• Required work:
Set down, word for word, every line of the material below from the one containing "そして始業式となり、二人の子" through the one containing "今、国語で「くちばし」を読ん", but none of its pictures.

• Given information:
····················

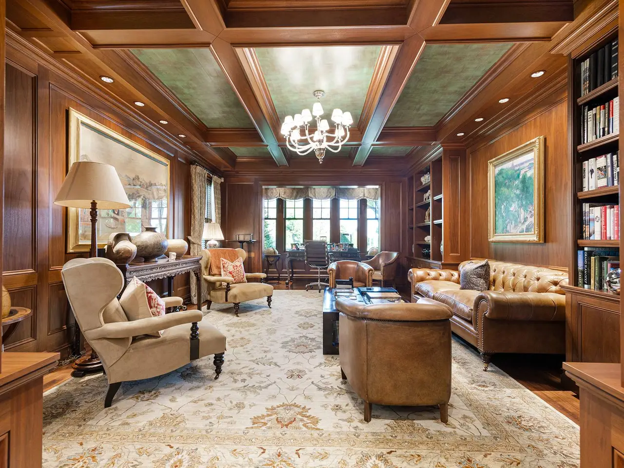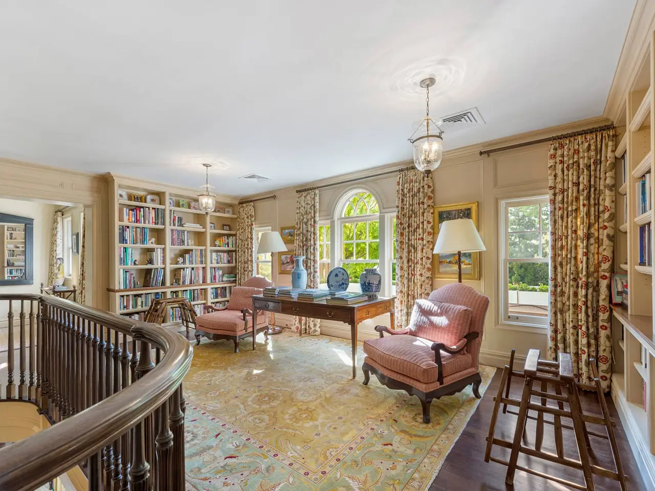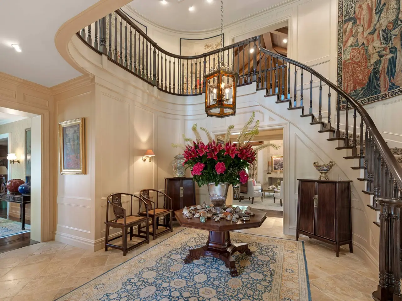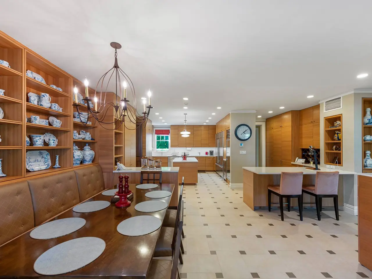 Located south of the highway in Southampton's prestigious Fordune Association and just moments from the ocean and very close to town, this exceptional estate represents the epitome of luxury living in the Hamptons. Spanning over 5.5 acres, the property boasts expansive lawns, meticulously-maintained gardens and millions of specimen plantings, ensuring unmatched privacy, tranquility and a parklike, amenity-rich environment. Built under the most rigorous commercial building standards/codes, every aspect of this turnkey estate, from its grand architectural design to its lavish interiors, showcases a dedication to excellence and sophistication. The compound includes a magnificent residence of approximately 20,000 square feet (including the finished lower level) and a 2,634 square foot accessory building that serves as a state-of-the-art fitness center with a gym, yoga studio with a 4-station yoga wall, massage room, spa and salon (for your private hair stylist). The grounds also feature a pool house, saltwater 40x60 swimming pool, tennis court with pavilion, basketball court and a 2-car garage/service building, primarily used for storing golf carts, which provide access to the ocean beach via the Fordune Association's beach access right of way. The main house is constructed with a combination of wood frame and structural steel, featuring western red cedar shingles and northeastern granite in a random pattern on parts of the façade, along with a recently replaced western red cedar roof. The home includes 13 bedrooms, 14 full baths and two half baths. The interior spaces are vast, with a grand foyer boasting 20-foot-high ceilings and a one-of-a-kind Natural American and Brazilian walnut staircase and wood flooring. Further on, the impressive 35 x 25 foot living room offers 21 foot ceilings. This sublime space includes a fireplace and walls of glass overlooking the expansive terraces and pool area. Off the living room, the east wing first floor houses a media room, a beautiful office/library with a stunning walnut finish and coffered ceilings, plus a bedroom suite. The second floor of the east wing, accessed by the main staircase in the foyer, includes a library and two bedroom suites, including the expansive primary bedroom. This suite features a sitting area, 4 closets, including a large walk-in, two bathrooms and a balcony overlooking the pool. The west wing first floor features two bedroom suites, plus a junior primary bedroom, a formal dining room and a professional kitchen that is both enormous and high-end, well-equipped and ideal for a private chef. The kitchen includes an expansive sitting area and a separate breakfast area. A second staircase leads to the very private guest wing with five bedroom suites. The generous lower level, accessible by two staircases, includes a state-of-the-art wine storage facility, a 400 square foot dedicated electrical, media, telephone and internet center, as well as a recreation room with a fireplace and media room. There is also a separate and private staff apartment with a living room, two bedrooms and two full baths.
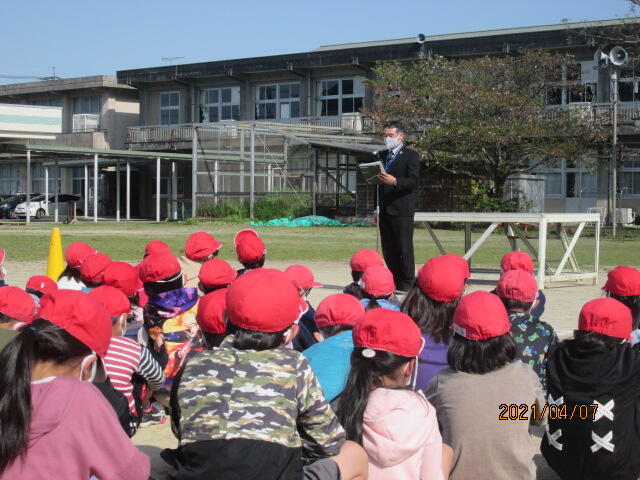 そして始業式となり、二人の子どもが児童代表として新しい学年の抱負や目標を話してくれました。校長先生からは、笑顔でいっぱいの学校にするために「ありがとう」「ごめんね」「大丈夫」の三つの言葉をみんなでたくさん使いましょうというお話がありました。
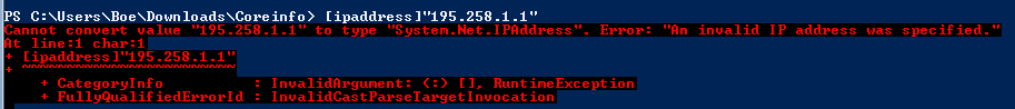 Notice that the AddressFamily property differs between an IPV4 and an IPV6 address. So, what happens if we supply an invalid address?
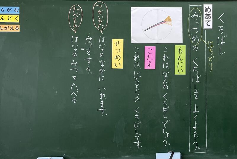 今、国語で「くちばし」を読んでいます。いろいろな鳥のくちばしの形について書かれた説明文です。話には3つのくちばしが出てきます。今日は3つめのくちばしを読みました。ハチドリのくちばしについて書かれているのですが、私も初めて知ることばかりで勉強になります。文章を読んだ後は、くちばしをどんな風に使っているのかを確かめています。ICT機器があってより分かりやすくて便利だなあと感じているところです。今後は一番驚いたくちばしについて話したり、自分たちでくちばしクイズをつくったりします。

····················

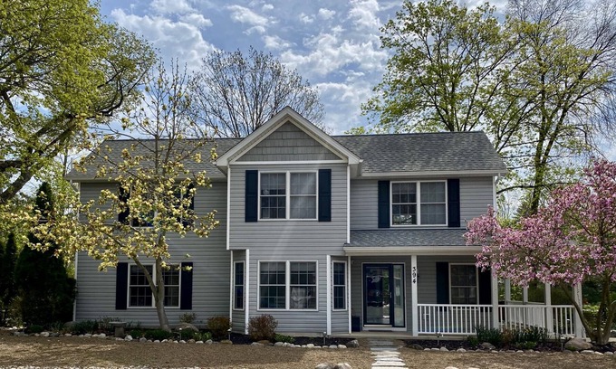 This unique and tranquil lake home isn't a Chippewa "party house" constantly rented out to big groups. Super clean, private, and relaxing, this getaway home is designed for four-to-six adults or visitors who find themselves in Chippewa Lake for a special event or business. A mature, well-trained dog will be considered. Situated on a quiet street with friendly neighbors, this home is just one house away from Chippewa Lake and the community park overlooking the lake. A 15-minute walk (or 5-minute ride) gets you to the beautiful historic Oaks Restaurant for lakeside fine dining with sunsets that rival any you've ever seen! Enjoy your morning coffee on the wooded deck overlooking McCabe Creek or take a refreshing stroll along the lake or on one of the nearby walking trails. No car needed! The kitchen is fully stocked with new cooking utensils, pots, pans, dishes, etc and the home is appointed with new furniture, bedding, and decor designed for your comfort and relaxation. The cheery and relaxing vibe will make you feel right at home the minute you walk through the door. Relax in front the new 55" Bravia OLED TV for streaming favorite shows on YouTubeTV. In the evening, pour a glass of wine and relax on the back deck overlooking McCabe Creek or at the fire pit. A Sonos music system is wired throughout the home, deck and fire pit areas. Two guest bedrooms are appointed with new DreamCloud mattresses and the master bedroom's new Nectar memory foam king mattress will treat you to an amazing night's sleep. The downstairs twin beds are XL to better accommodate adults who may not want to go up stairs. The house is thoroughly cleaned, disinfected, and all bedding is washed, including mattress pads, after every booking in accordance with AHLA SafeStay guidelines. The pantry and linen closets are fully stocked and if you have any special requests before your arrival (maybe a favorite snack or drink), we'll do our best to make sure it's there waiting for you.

····················

• Completed task:
 そして始業式となり、二人の子どもが児童代表として新しい学年の抱負や目標を話してくれました。校長先生からは、笑顔でいっぱいの学校にするために「ありがとう」「ごめんね」「大丈夫」の三つの言葉をみんなでたくさん使いましょうというお話がありました。
 Notice that the AddressFamily property differs between an IPV4 and an IPV6 address. So, what happens if we supply an invalid address?
 今、国語で「くちばし」を読んでいます。いろいろな鳥のくちばしの形について書かれた説明文です。話には3つのくちばしが出てきます。今日は3つめのくちばしを読みました。ハチドリのくちばしについて書かれているのですが、私も初めて知ることばかりで勉強になります。文章を読んだ後は、くちばしをどんな風に使っているのかを確かめています。ICT機器があってより分かりやすくて便利だなあと感じているところです。今後は一番驚いたくちばしについて話したり、自分たちでくちばしクイズをつくったりします。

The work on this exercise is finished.